EXERCISE DESCRIPTION ▸ Transcribe the listing that follows in full, omitting pictures.

** Opening MATERIAL PROVIDED block **

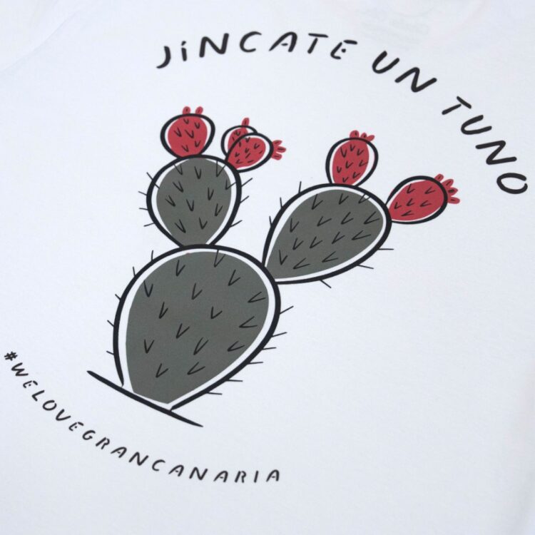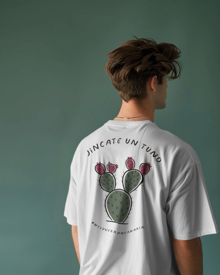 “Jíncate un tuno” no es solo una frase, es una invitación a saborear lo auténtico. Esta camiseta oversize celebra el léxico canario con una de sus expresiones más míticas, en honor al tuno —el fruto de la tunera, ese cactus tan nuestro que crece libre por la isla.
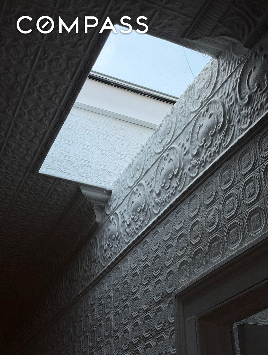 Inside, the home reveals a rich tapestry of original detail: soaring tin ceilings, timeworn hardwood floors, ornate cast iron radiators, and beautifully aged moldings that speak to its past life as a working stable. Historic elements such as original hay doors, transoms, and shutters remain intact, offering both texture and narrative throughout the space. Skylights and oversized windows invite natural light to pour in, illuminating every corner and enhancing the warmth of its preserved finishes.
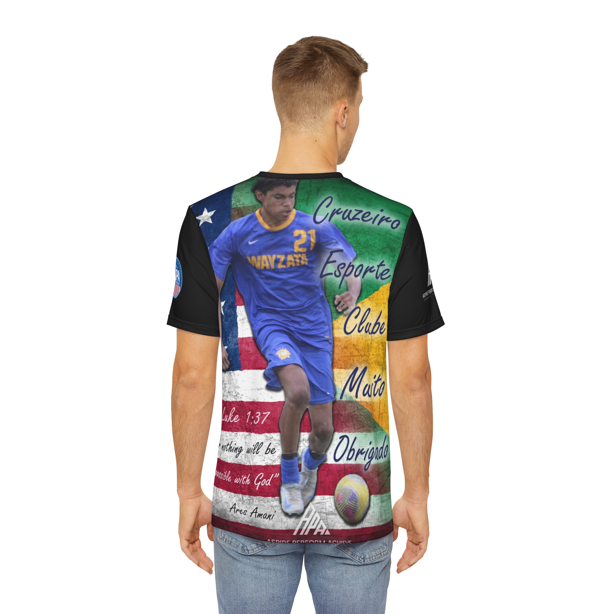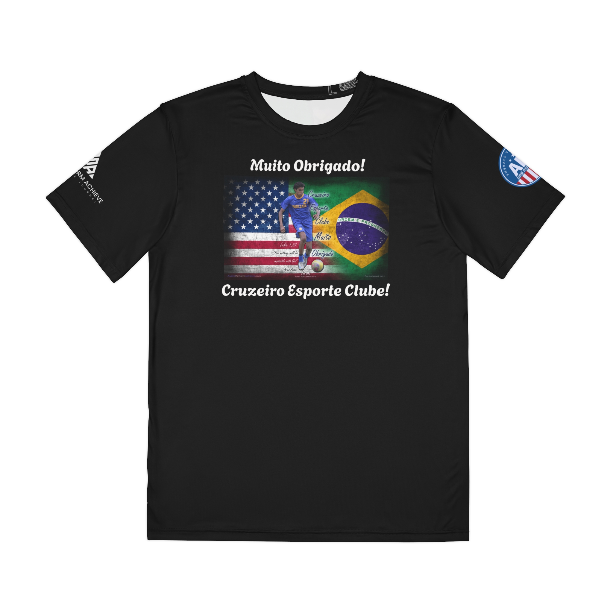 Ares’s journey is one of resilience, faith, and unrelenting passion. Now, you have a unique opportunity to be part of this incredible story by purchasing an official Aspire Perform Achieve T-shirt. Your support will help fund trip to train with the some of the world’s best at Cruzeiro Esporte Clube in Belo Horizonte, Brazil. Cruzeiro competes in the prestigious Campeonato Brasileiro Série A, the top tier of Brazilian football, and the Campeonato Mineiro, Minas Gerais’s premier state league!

** Closing MATERIAL PROVIDED block **

PROBLEM SOLUTION ▸
 “Jíncate un tuno” no es solo una frase, es una invitación a saborear lo auténtico. Esta camiseta oversize celebra el léxico canario con una de sus expresiones más míticas, en honor al tuno —el fruto de la tunera, ese cactus tan nuestro que crece libre por la isla.
 Inside, the home reveals a rich tapestry of original detail: soaring tin ceilings, timeworn hardwood floors, ornate cast iron radiators, and beautifully aged moldings that speak to its past life as a working stable. Historic elements such as original hay doors, transoms, and shutters remain intact, offering both texture and narrative throughout the space. Skylights and oversized windows invite natural light to pour in, illuminating every corner and enhancing the warmth of its preserved finishes.
 Ares’s journey is one of resilience, faith, and unrelenting passion. Now, you have a unique opportunity to be part of this incredible story by purchasing an official Aspire Perform Achieve T-shirt. Your support will help fund trip to train with the some of the world’s best at Cruzeiro Esporte Clube in Belo Horizonte, Brazil. Cruzeiro competes in the prestigious Campeonato Brasileiro Série A, the top tier of Brazilian football, and the Campeonato Mineiro, Minas Gerais’s premier state league!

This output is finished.